Monterone e il suo “stemma”
Un vecchio adagio dice che la strada che porta all’inferno è lastricata di buone intenzioni. Chi lo ha coniato intendeva dire che non bastano le buone intenzioni per fare bene, e che spesso i disastri sono originati involontariamente da chi animato appunto da buone intenzioni si è cimentato in qualcosa che non era in grado di fare.
Da questo punto di vista l’araldica è un campo in cui si incontrano numerosi “incidenti” di questa natura.
L’ultimo caso ci viene dallo splendido borgo medioevale di Monterone, frazione di Sestino, in provincia di Arezzo, che si è recentemente dotato di una propria insegna araldica (o le è stata donata, non ci è ancora stato possibile appurarlo con precisione).

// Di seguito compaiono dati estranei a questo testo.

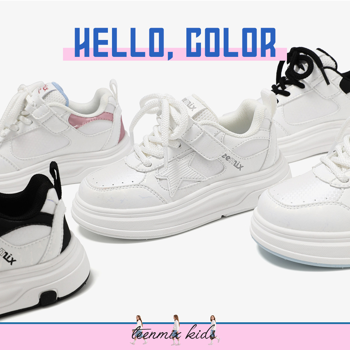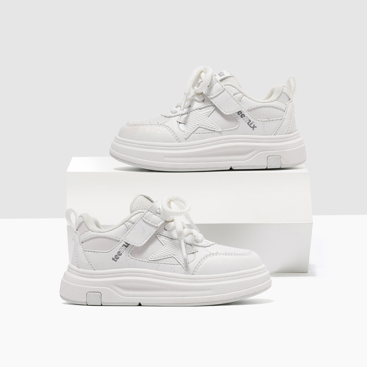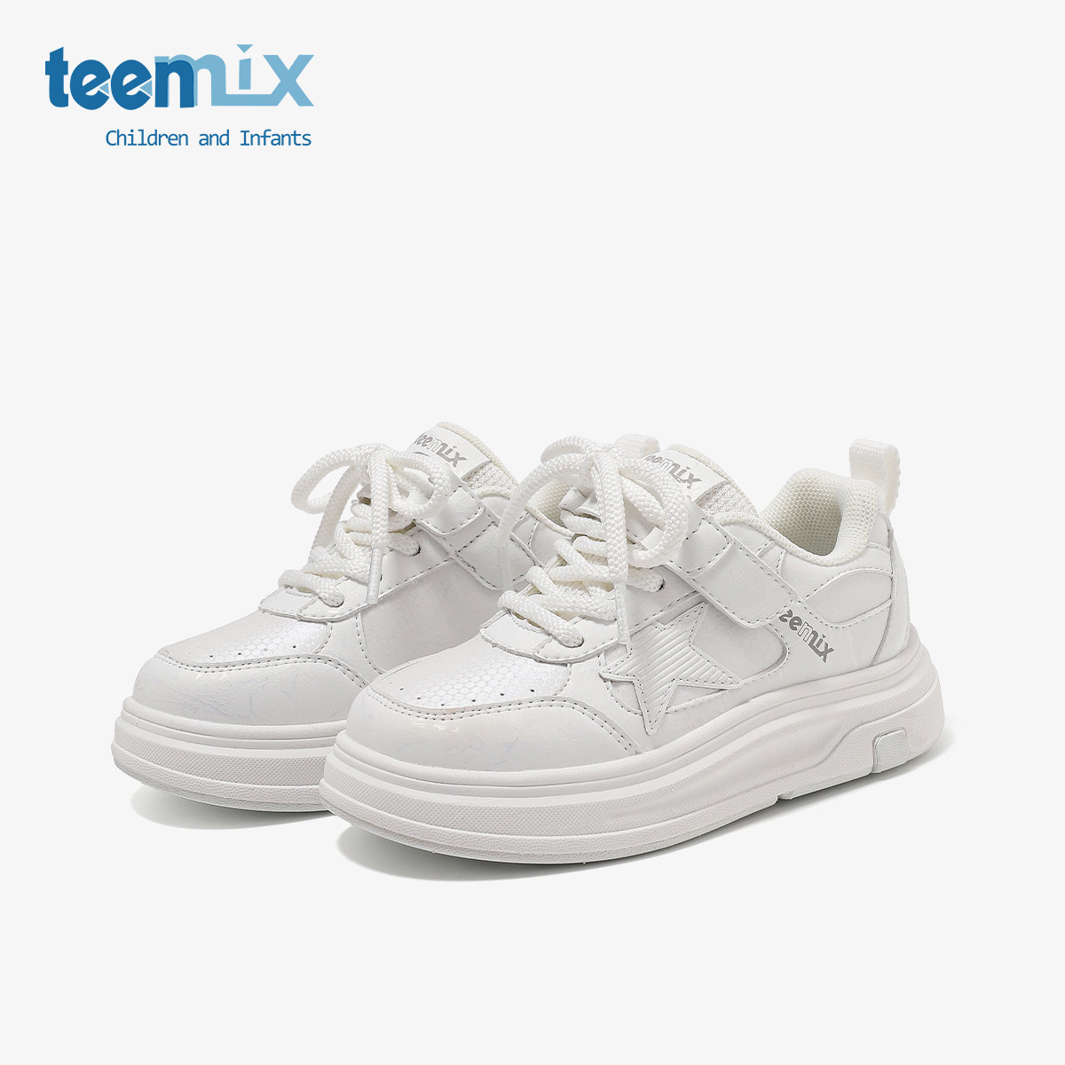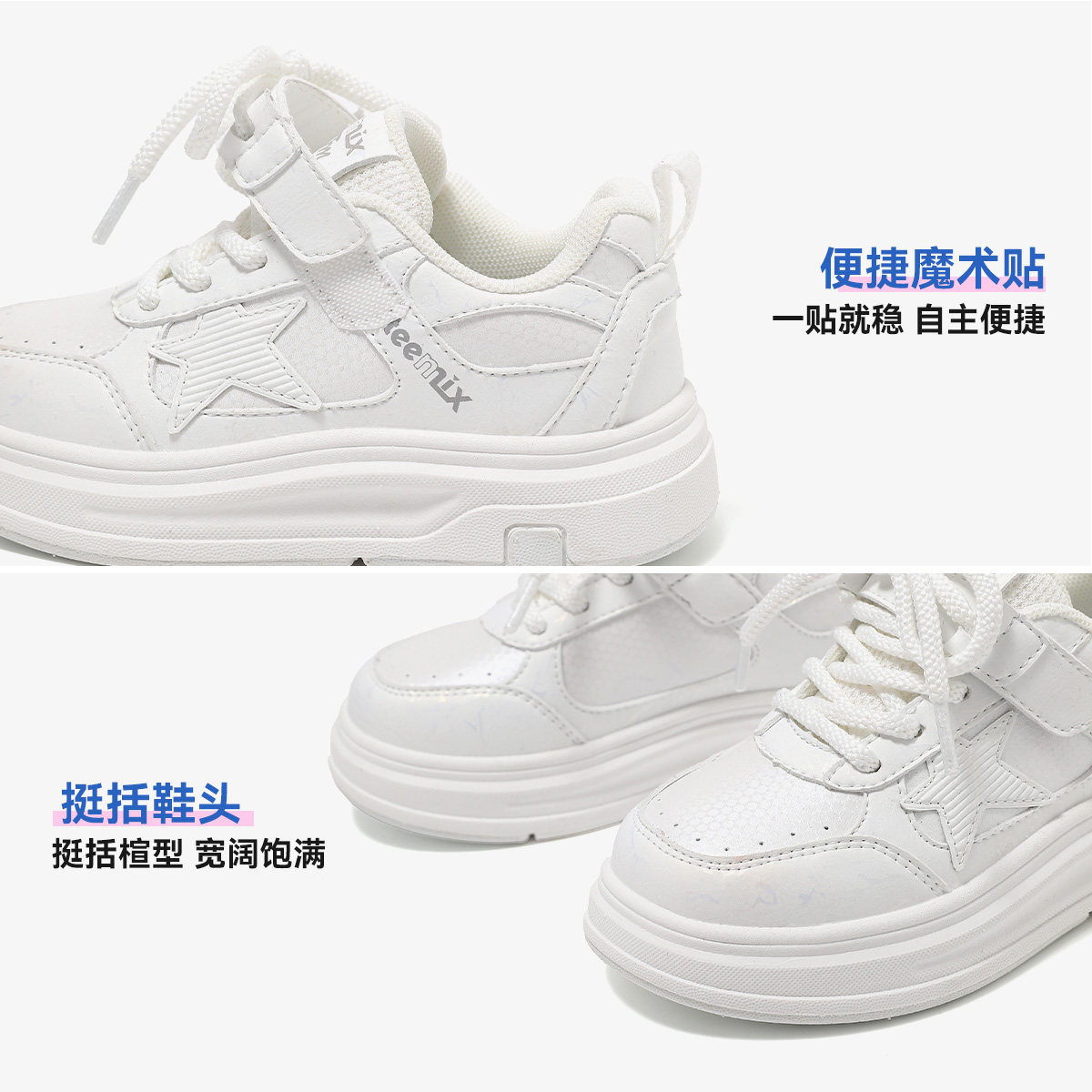 天美意童鞋2026春季新款男童透气舒适运动板鞋女童星星厚底小白鞋
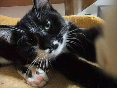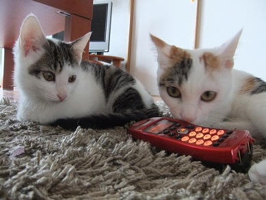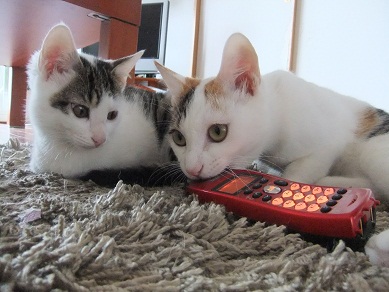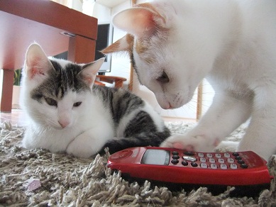 「むむ、これは何にゃ」と、電話機に興味津々 あんまり熱心にいじくっているので 電話をかけてみましたよ(笑 「くせものニャー」
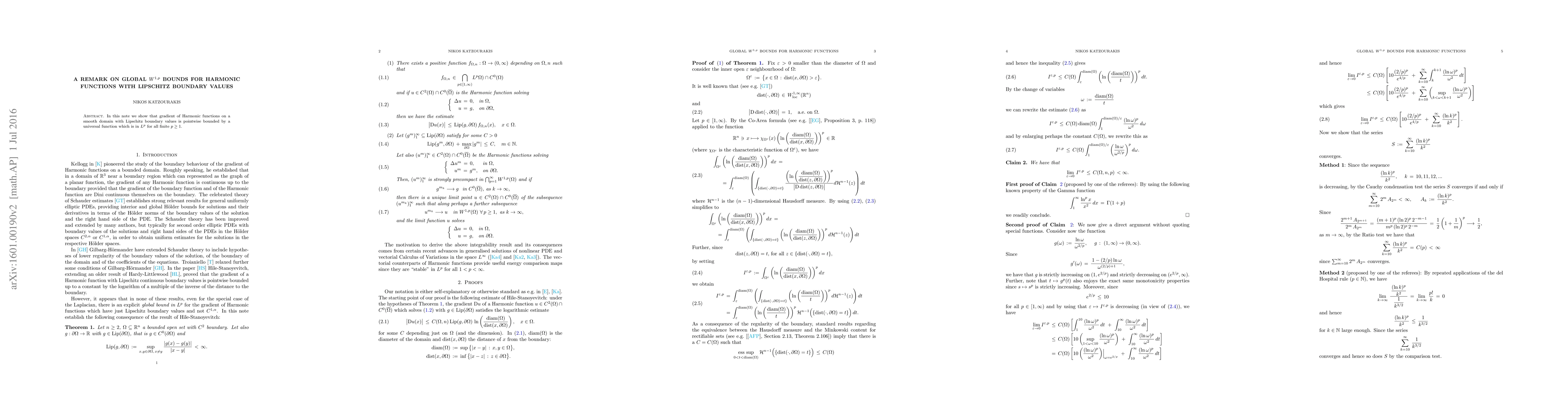 Summary: This paper demonstrates that the gradient of harmonic functions on smooth domains with Lipschitz boundary values is globally bounded by a universal $L^p$ function for all finite $p \geq 1$. The result provides a global $W^{1,p}$ bound for these harmonic functions.
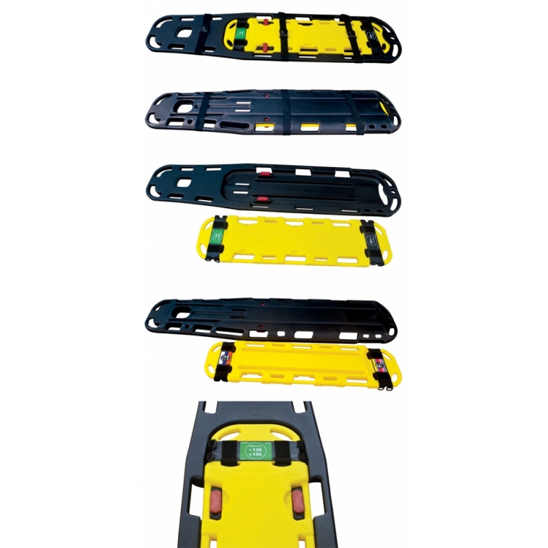 Tavola spinale 2 in 1, per adulti e pediatrica, realizzata in polietilene ad alta densità (HDPE). Struttura solida, facile da trasportare. Completamente impermeabile. Ottimizza lo spazio. Include una tavola spinale pediatrica integrata nella sua struttura. Elevata resistenza agli urti e alla corrosione.

Iniziativa indubbiamente lodevole, che a chi come a noi ama l’araldica, non può che fare immenso piacere, tanto più se frutto di una donazione, che può essere indice di uno spirito mecenate, e tanto più che è riferito ad un abitato medioevale, creando così un connubio particolarmente affascinante.
I problemi sorgono quando però si può prendere visione dello stemma, poichè l’emblema – ideato da un noto scultore del territorio – rivela non poche criticità sotto il profilo araldico, richiamando alla mente una significativa affermazione del cardinal Andrea Cordero Lanza di Montezemolo che ci permettiamo adattare grammaticalmente al contesto: “o uno stemma viene costruito correttamente, o è meglio rinunciarvi”.
E così ecco che nello stemma di Monterone troviamo l’uso di smalti sconosciuti in araldica, accostamenti cromatici discutibili, appropriazione di stemmi altrui, ornamentazioni improprie, composizione discutibile.